Reference — Node WebSocket server wrapping faster-whisper
import { WebSocketServer } from 'ws';
import { Whisper } from 'whisper-node';
const wss = new WebSocketServer({ port: 8080 });
const whisper = new Whisper({ modelName: 'base.en' });
wss.on('connection', (ws) => {
let buf = Buffer.alloc(0);
ws.on('message', async (data, isBinary) => {
if (isBinary) {
buf = Buffer.concat([buf, data as Buffer]);
// Run interim every ~600ms of audio (16000 * 2 * 0.6 = 19200 bytes)
if (buf.length >= 19200) {
const interim = await whisper.transcribe(buf, { partial: true });
ws.send(JSON.stringify({ type: 'interim', text: interim }));
}
return;
}
const msg = JSON.parse(data.toString());
if (msg.type === 'finalize') {
const final = await whisper.transcribe(buf);
ws.send(JSON.stringify({ type: 'final', text: final, confidence: 1, language_code: 'en-US' }));
ws.send(JSON.stringify({ type: 'utterance_end' }));
buf = Buffer.alloc(0);
} else if (msg.type === 'close') {
ws.close();
}
});
});Validation & error handling
- URLs must use
https://for LLM/TTS orwss://for STT. Plainhttp://andws://are rejected at save time. - The agent fails to connect (with a clear log line) if a custom slot is selected but the matching URL is empty.
- HTTP 4xx / 5xx from your server bubbles up as a call error and the gateway does not fall back to a default provider — failure is loud, not silent.
- Bearer tokens are encrypted at rest in
tenant_providersand only decrypted in-memory in the gateway when warming a call.
Observability
Every dispatch records a provider_usage event with provider: 'custom-llm' | 'custom-voice' | 'custom-transcriber' and the byte / token counts.
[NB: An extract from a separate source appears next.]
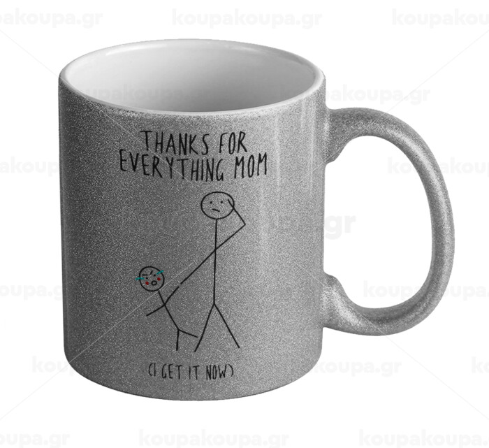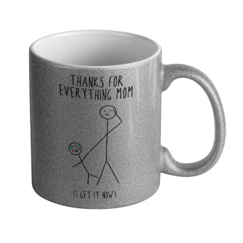 Thanks for everything mom, Κούπα Ασημένια Glitter που γυαλίζει, κεραμική, 330ml
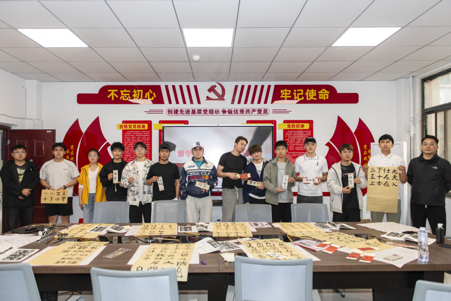 活动刚开始,中国学生用通俗易懂的双语讲解,向留学生们介绍了中国书法的悠久历史、文化内涵,让大家了解到书法不仅是汉字的书写艺术,更是中国人精神情感与哲学思想的表达。在体验环节中,中国学生手把手示范,耐心指导留学生握笔、运笔,纠正书写姿势与力度。初次接触毛笔的留学生兴趣浓厚,认真临摹,在指导下逐渐找到书写感觉。中外学生边写边交流,在墨香中增进友谊。活动尾声,留学生们纷纷展示自己的书法作品,每一幅作品都承载着他们对中国书法的喜爱。

Look for these in the agent's call detail page or query call_events directly.
When NOT to use custom endpoints
- If your model is already available through a public BYOK provider (OpenAI, Anthropic, Groq, ElevenLabs, Deepgram, etc.) — use that provider's BYOK slot instead. You'll get richer observability and no custom-server maintenance.
- If you need a different wire format — e.g. you want to point Rymi at a Vapi-shaped or Retell-shaped server. The Rymi-native shapes above are the only ones supported today; a compatibility shim is on the roadmap.